Sherman never got the hang of haiku.

“QUESTION,” Murray began,

Jew suppose we'd still

Be wandering if we hadn't

Found Daytona Beach?

“No. Didn't understand it,” Sherman said. “Poppy, have you been experiencing dizziness, breathlessness or muscular cramps? If so, you should consult your physician immediately.”

Reading Group Guide

 

Questions for Discussion

1. The book opens with a genealogy, “Poppy Minkel and the British Royal Family.” Besides the humor of this tenuous connection, what is the point of including it? Does it relate to Mortie's statement: “A person who knows where he came from need never feel lost. Roots are a blessing. If you know where you came from you know who you are and you can decide where you're going” (p. 330)? Do you feel that statement is true or false?

2. Poppy is the narrator and central character—and what a character she is. What about her is particularly outrageous? Do you feel she is naive, or is that a pose? What do you think about her rejection of her daughters? Her lack of recognition of the German threat? Her belief that money can fix anything? What is it that you think she needs above all else?

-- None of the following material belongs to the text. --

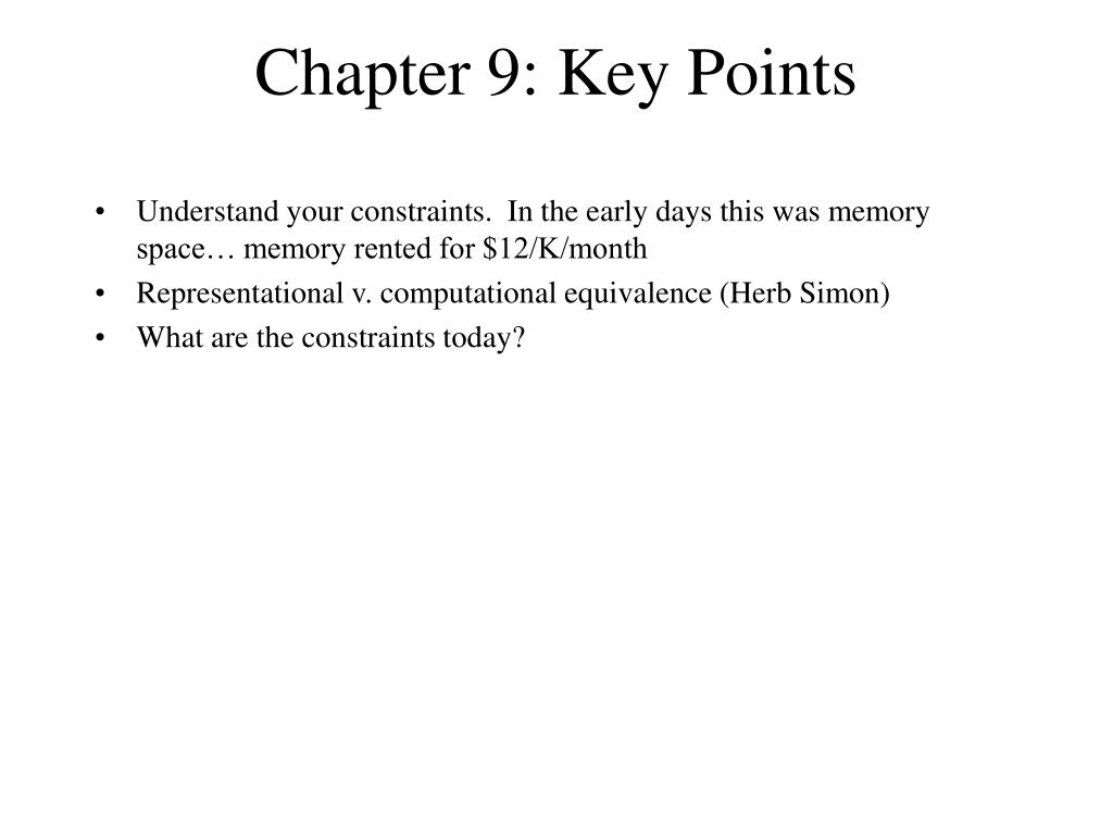 Chapter 9: Key Points • Understand your constraints. In the early days this was memory space… memory rented for $12/K/month • Representational v. computational equivalence (Herb Simon) • What are the constraints today?

3. Are all the women characters in this book focused on “The Great Husband Hunt”? Is marriage a recipe for happiness for the women in this book? Emerald says, “Mom, I have a life. The best kind” (p. 306). Does she truly have “the best kind”? Is it the best kind for every woman?

4. We have a number of women characters being left without their fathers in this novel. What impact do you feel the loss of a father has on each of them? Do you feel their reactions are authentic and true in your experience?